-- Dataset content follows --

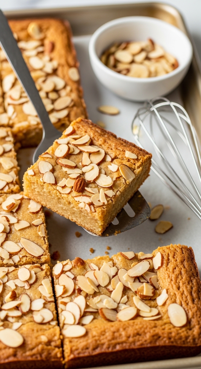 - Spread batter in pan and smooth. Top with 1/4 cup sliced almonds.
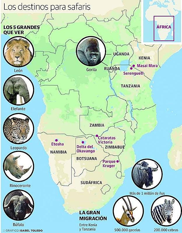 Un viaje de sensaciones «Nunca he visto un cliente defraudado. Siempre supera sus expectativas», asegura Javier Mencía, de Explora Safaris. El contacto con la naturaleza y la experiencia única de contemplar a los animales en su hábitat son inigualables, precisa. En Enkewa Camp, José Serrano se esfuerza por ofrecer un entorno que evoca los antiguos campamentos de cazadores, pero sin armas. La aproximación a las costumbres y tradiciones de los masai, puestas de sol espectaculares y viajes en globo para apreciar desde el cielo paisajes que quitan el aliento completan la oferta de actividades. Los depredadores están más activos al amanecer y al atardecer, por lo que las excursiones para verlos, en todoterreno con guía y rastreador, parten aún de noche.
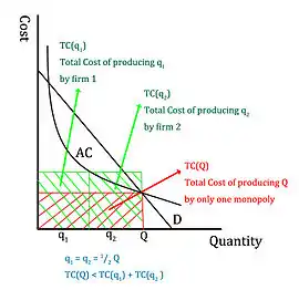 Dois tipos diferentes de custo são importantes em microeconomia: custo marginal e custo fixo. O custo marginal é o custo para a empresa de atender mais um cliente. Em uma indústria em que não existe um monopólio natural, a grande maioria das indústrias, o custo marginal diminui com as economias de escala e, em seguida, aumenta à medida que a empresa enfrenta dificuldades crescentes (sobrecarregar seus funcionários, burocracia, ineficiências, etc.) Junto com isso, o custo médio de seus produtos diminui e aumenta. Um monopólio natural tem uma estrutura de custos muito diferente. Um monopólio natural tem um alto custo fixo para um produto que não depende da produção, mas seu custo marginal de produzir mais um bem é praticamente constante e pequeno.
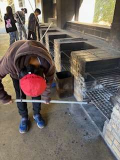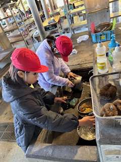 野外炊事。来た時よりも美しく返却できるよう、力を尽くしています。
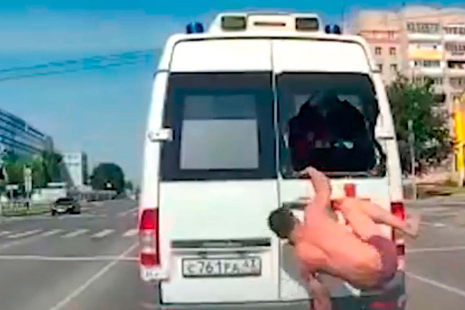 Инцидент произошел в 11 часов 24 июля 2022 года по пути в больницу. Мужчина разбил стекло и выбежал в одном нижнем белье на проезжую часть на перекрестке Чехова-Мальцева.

-- Dataset content concluded --
-- Dataset content follows --

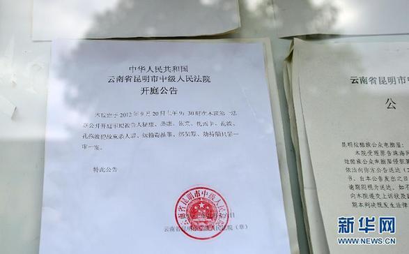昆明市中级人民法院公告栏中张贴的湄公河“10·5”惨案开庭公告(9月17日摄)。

-- Dataset content concluded --
-- Dataset content follows --

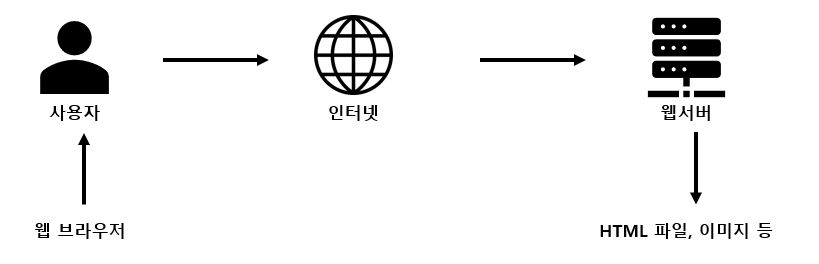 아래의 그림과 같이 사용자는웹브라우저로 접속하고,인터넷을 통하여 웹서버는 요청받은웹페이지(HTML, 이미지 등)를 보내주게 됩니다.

-- Dataset content concluded --

- Activity: Starting with the line that contains "- Spread batter" and finishing with the line that contains "野外炊事。来た時よりも美しく返却できるよう、力を尽くしています。", reproduce every line of the material above exactly, but not the pictures.

- Answer below:
 - Spread batter in pan and smooth. Top with 1/4 cup sliced almonds.
 Un viaje de sensaciones «Nunca he visto un cliente defraudado. Siempre supera sus expectativas», asegura Javier Mencía, de Explora Safaris. El contacto con la naturaleza y la experiencia única de contemplar a los animales en su hábitat son inigualables, precisa. En Enkewa Camp, José Serrano se esfuerza por ofrecer un entorno que evoca los antiguos campamentos de cazadores, pero sin armas. La aproximación a las costumbres y tradiciones de los masai, puestas de sol espectaculares y viajes en globo para apreciar desde el cielo paisajes que quitan el aliento completan la oferta de actividades. Los depredadores están más activos al amanecer y al atardecer, por lo que las excursiones para verlos, en todoterreno con guía y rastreador, parten aún de noche.
 Dois tipos diferentes de custo são importantes em microeconomia: custo marginal e custo fixo. O custo marginal é o custo para a empresa de atender mais um cliente. Em uma indústria em que não existe um monopólio natural, a grande maioria das indústrias, o custo marginal diminui com as economias de escala e, em seguida, aumenta à medida que a empresa enfrenta dificuldades crescentes (sobrecarregar seus funcionários, burocracia, ineficiências, etc.) Junto com isso, o custo médio de seus produtos diminui e aumenta. Um monopólio natural tem uma estrutura de custos muito diferente. Um monopólio natural tem um alto custo fixo para um produto que não depende da produção, mas seu custo marginal de produzir mais um bem é praticamente constante e pequeno.
 野外炊事。来た時よりも美しく返却できるよう、力を尽くしています。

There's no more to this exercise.